The increase was primarily due to higher volume and the realization of lower
labor and manufacturing overhead costs as a result of expanding our wafer
production capacity in China. The gross margin at the visible emitter division
decreased to negative 81.5% of visible emitter revenues for the three months
ended June 30, 2000 compared to 33.8% of visible emitter revenues for the period
ended June 30, 1999. The decrease was primarily due to increased costs
associated with the start-up of blue LED and other product production. The gross
margin at the consumer products division increased to 2.8% of consumer product
revenues for the three months ended June 30, 2000 compared to a negative 22.6%
of consumer product


                                       10
<PAGE>   11
revenues for the three months ended June 30, 1999. The increase was primarily
due to manufacturing process improvements and cost reductions.

      Selling, general and administrative expenses. Selling, general and
administrative expenses increased $1.4 million, or 42.8%, to $4.6 million for
the three months ended June 30, 2000 compared to $3.2 million for the three
months ended June 30, 1999. As a percentage of total revenues, selling, general
and administrative expenses were 16.1% for the three months ended June 30, 2000
compared to 15.4% for the three months ended June 30, 1999. Selling, general and
administrative expenses increased 42.8% compared to increased total revenues of
39.3% for the three months ended June 30, 2000. The increase in selling, general
and administrative expenses was primarily due to increases in personnel and
related expenses required to support current and future increases in sales
volume.

      Research and development expenses. Research and development expenses
increased $1.0 million, or 117.1%, to $1.9 million for the three months ended
June 30, 2000 compared to $858,000 for the three months ended June 30, 1999. As
a percentage of total revenues for these three-month periods, research and
development expenses were 6.4% in 2000 and 4.1% in 1999. The increase was
primarily the result of increases in personnel and related expenses and
materials to support LED and other product research and development at the
visible emitter division.

      Interest expense. Interest expense increased $419,000, or 57.4%, to $1.1
million for the three months ended June 30, 2000 compared to $730,000 for the
three months ended June 30, 1999. The increase was primarily due to utilizing
short-term debt to finance the short-term liquidity needs resulting from our
increased sales volume and the addition of certain capital leases to finance
equipment purchases.

      Other income and expense. Other income and expense increased $274,000 to
$303,000 for the three months ended June 30, 2000 compared to $29,000 for the
three months ended June 30, 1999. The increase was primarily due to increases in
foreign exchange gains and rental and interest income.

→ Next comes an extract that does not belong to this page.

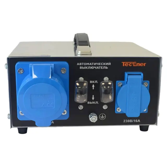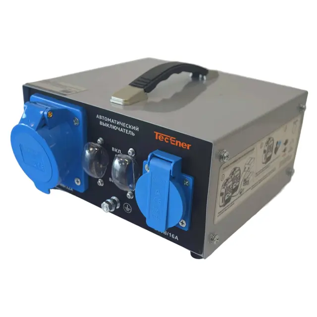 Блок параллельной работы S TecEner позволяет объединять мощность двух мобильных генераторов, поддерживающих соответствующий режим работы, обеспечивая питание нагрузок с максимальной суммарным энергопотреблением до 9,9 кВт, без задействования более дорогих электроустановок, с большей энергоотдачей. Изделие снабжено стандартными однофазными розетками на 16 А и 32 В, обеспечивая возможность прямого подключения бытовых и силовых потребителей переменного тока, исключая необходимость использования переходников. Устройство выполнено в компактном прямоугольном корпусе, с ручкой в верхней части – для удобства переноски.

      Provision for income taxes. Income tax expense remained at our effective
tax rate of 38.0% for the three months ended June 30, 2000 and 1999. For the
three months ended June 30, 1999, income tax expense was adjusted for
non-deductible acquisition costs of $2.8 million.

Six months ended June 30, 2000 compared to six months ended June 30, 1999

      Revenues. Revenues increased $13.2 million, or 33.3%, to $52.9 million for
the six months ended June 30, 2000 compared to $39.7 million for the six months
ended June 30, 1999. The increase in revenues was primarily due to a $19.2
million, or 73.5% increase in substrate sales comprised of a $22.8 million, or
106.9% increase in sales of GaAs and InP substrates offset by a $3.6 million
decrease in Ge sales and contract revenues at the substrate division. The
increase in GaAs and InP substrate sales was due to increased sales volume to
existing and new domestic and foreign customers due in part to strong growth in
the fiber optic wireless handset markets. The decrease in Ge sales is the result
of a cancellation of a contract by a major customer due to weakness in the
satellite market. Additionally, sales at our visible emitter division decreased
$4.5 million, or 48.2% of visible emitter sales, and sales at our consumer
products division decreased $1.5 million, or 35.6% of consumer product sales,
due to declining sales prices and lower demand for laser pointer products.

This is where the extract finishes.